Hourly NO₂ data from a geostationary sensor ingested into data assimilation systems could also provide the necessary input to take air quality forecasts further and improve them up to the point that they can reliably forecast violations of air quality standard hours in advance. A GEO measurement has another advantage against the existing satellite constellation; GEO can solve a temporal sampling problem of the existing LEO measurements. We define the temporal sampling problem of LEO as the shortage of the temporal frequency in observations. The LEO observations of a given location are conducted once per day at most. As clouds often prevent measurements down to the surface, the real sampling frequency at a given location tends to be reduced to less than once per day. The introduction of GEO can create a much larger number of cloud free observations, solving the temporal sampling problem of the existing LEO measurements. Note that the introduction of GEO would result in another problem: a spatial sampling problem. Since GEO instruments can only cover part of the Earth, they introduce a spatial sampling problem in that the rest of the Earth is not covered at all. Therefore, while solving the temporal sampling problem, the use of a GEO-instrument generates a spatial sampling problem. Indeed, the existing LEO measurements had a priority on solving the spatial sampling problem and obtained a global coverage of the tropospheric NO₂. To solve the spatial sampling problem in a GEO-based measurement system, several simultaneous measurements, e.g., in Asia, Europe and America will be needed. As an alternative, GEO and LEO observations can be combined to create a complete global picture.

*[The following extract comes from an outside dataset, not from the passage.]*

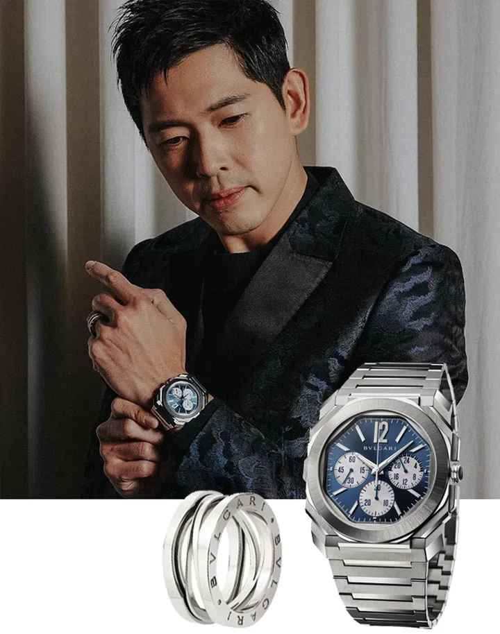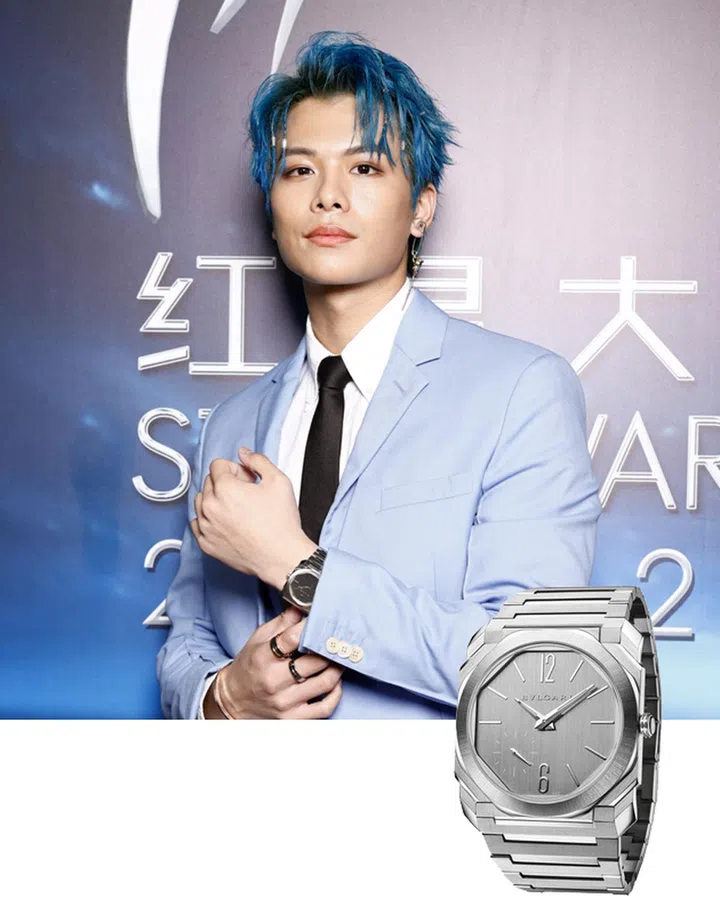 新晋演员容启航同样选择以Bvlgari Octo腕表搭配这身韩系男团造型,全精钢的款式既帅气,也趣味地呼应耳上的Ambush玫瑰安全别针耳坠和铁质发饰。

Since the beginning of the last decade, the possibility of GEO-based measurements of tropospheric tracers has been discussed as a contribution to the local- and regional scale air quality monitoring and forecasts (Kelder et al., 2005, Edwards, 2006). In these discussions, several GEO missions such as GEO TROPSAT (Little et al., 1997) and GeoTROPE (Bovensmann et al., 2002, Burrows et al., 2004) were proposed in the past. Presently, the Geostationary Coastal and Air Pollution Events (GEO-CAPE) mission is being studied in the United States, and the Sentinel-4 mission is proceeding for launch in Europe. In Asia, the Korean Geostationary Environment Monitoring Spectrometer (GEMS) is planned to be operating onboard of a GEO satellite. In Japan, the Geostationary Mission for Meteorology and Air Pollution (GMAP-Asia) was proposed by the Japan Society of Atmospheric Chemistry (Akimoto et al., 2008, Akimoto et al., 2009). In those missions, the development of the sensor is one of the key issues, as the requirements for the sensor specification in GEO (36,000 km altitude) become much more severe than for LEO (<1,000 km) because of the much weaker intensity of light coming from the Earth’s atmosphere to GEO.

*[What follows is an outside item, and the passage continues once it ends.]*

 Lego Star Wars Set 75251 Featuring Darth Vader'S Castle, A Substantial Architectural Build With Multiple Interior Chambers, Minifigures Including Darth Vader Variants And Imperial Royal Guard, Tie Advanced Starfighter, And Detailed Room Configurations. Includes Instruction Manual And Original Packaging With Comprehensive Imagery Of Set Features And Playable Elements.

In the present study, we conducted a feasibility analysis for the detection of diurnal variations of the tropospheric NO₂ from a GEO satellite. As a target region, we focused on Tokyo, which is the largest polluted urban area in Japan. We estimated the precision and its dependence on local time and season by numerical simulations to determine the smallest acceptable signal-to-noise ratio (SNR) for the detector if diurnal variations of NO₂ are to be studied. First, we assume an ideal sensor with constant SNR for the simulations. The results obtained here are general, because no specific sensor specification is assumed in the simulations. Based on these general results, we assume a realistic sensor specification similar to that currently discussed in the GMAP-Asia project and investigate to what extent this hypothetical sensor can detect the diurnal variation of the tropospheric NO₂.